* _About this task_: Transcribe the entries below exactly, starting with the line that has "Máy Nướng Bánh" and stopping after the line that has "Ground chicken. Garlic."; no pictures belong in the copy.

* _Records for the task_:
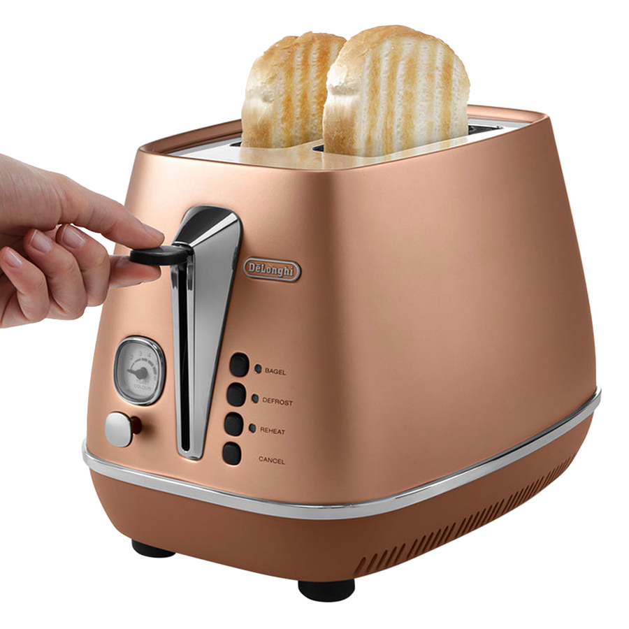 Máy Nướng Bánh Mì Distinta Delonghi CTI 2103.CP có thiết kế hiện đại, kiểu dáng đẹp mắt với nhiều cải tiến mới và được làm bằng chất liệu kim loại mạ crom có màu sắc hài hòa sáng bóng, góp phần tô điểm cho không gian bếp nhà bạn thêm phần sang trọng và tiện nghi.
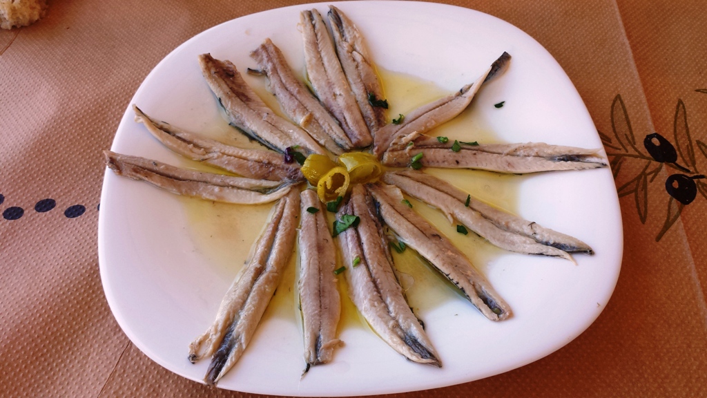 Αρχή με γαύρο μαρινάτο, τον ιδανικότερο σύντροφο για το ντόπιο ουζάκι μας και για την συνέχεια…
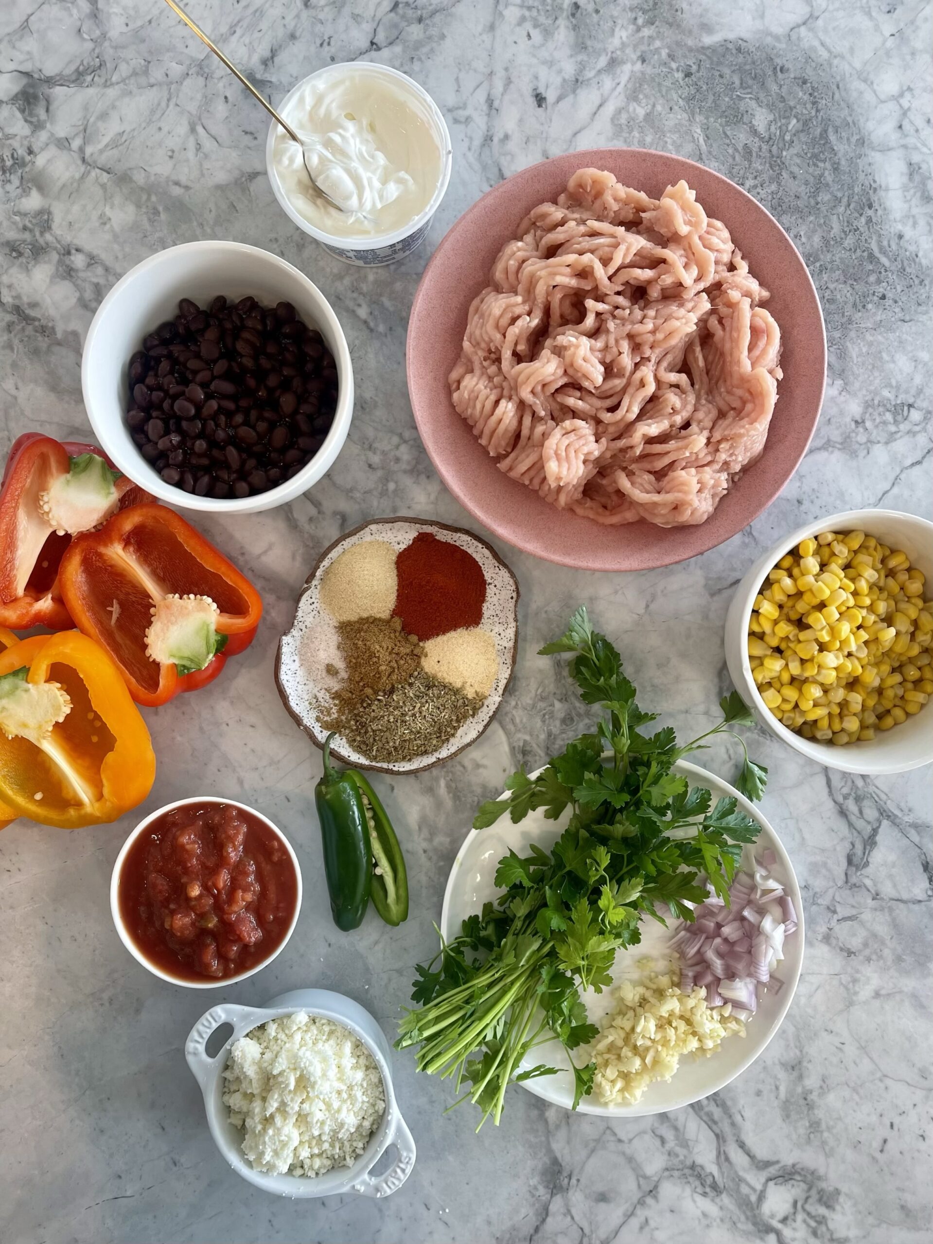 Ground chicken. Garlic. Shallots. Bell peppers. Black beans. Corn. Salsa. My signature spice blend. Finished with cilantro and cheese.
==
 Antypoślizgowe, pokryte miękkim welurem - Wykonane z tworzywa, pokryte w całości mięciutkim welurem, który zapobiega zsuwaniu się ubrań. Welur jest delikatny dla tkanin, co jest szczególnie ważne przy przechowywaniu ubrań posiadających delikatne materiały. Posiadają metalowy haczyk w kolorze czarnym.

* _Task solution_:
 Máy Nướng Bánh Mì Distinta Delonghi CTI 2103.CP có thiết kế hiện đại, kiểu dáng đẹp mắt với nhiều cải tiến mới và được làm bằng chất liệu kim loại mạ crom có màu sắc hài hòa sáng bóng, góp phần tô điểm cho không gian bếp nhà bạn thêm phần sang trọng và tiện nghi.
 Αρχή με γαύρο μαρινάτο, τον ιδανικότερο σύντροφο για το ντόπιο ουζάκι μας και για την συνέχεια…
 Ground chicken. Garlic. Shallots. Bell peppers. Black beans. Corn. Salsa. My signature spice blend. Finished with cilantro and cheese.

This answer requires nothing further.